Let’s assume you are creating a new AKS cluster for this purpose. You’ll need to get the resource ID of the subnet you want to associate with the NAT Gateway.
# Get the resource ID of the subnet where AKS will be deployed
SUBNET_ID=$(az network vnet subnet show \
--resource-group myAKSResourceGroup \
--vnet-name myAKSNetwork \
--name myAKSSubnet \
--query id -o tsv)
# Associate the NAT Gateway with the subnet
az network vnet subnet update \
--resource-group myAKSResourceGroup \
--vnet-name myAKSNetwork \
--name myAKSSubnet \
--nat-gateway myAKSNatGateway
Self-correction: The az network vnet subnet update command above is the correct way to associate a NAT Gateway with an existing subnet. If you are creating a new AKS cluster and want to ensure the subnet is configured for NAT Gateway from the start, you would typically provision the VNet and subnet first, associate the NAT Gateway with that subnet, and then create the AKS cluster, pointing it to that pre-configured subnet.
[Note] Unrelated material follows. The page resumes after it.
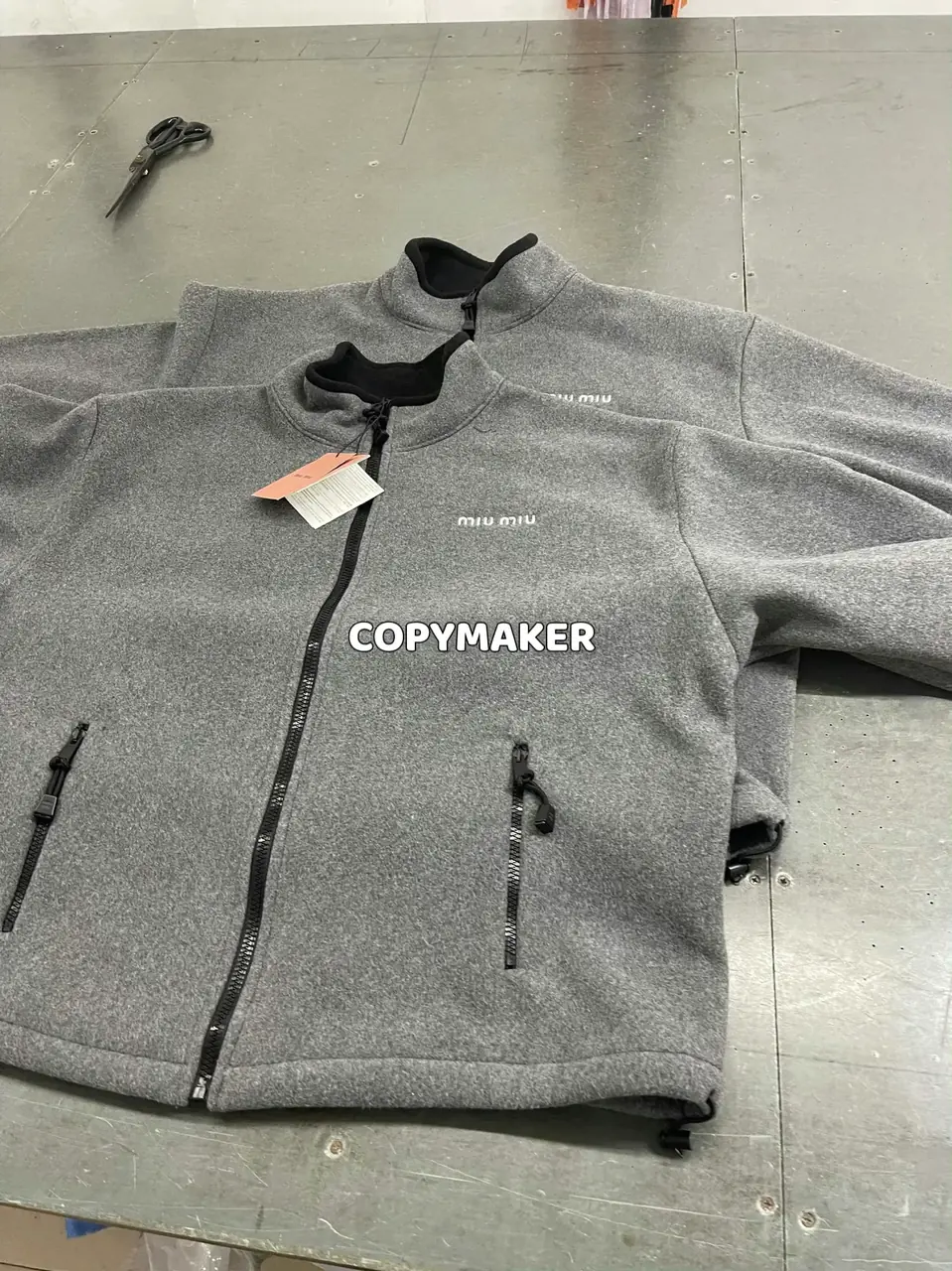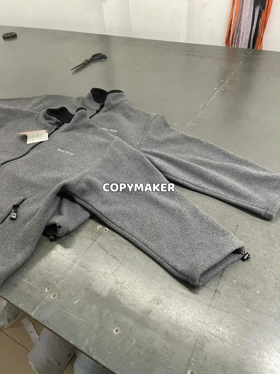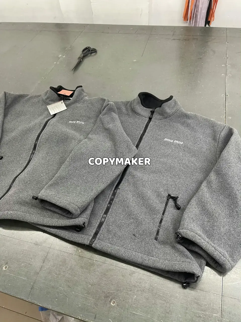 M1U M1U 24SS 繆繆 字母Logo刺繡 搖粒絨 立領夾克外套 灰色

When creating a new AKS cluster, you’d provide the subnet ID:
# Example AKS creation command pointing to the pre-configured subnet
az aks create \
--resource-group myAKSResourceGroup \
--name myAKSCluster \
--vnet-subnet-id $SUBNET_ID \
--node-count 1 \
--enable-managed-identity \
--network-plugin azure # Ensure Azure CNI is used for subnet-level control
Why this works: Azure’s networking infrastructure, when it sees traffic originating from a subnet that has a NAT Gateway attached, directs that egress traffic through the NAT Gateway. The NAT Gateway then performs Source Network Address Translation (SNAT), replacing the private IP address of the AKS node (or pod, if using Azure CNI with private IPs for pods) with one of its own public IP addresses. This ensures that all outbound connections from within that subnet appear to come from the static IPs of the NAT Gateway.
The idle-timeout parameter is important. It defines how long a TCP connection can remain idle before NAT Gateway closes it. The default is 4 minutes (240 seconds). If your applications have long-lived idle connections (e.g., long polling, certain database connections), you might need to increase this value. For example, to set it to 10 minutes:
az network nat gateway update \
--name myAKSNatGateway \
--resource-group myAKSResourceGroup \
--idle-timeout 600
This change would be applied to the NAT Gateway resource, and all subnets associated with it would then use the new idle timeout.
The most common issue people run into is forgetting to associate the NAT Gateway with the correct subnet. If your AKS nodes are in a different subnet than the one you attached the NAT Gateway to, egress traffic will not be translated. Always double-check the subnet ID used by your AKS node pool.
The next challenge you’ll likely face is managing inbound traffic. While NAT Gateway handles egress, you’ll still need an Ingress controller or LoadBalancer service to expose your applications to external clients.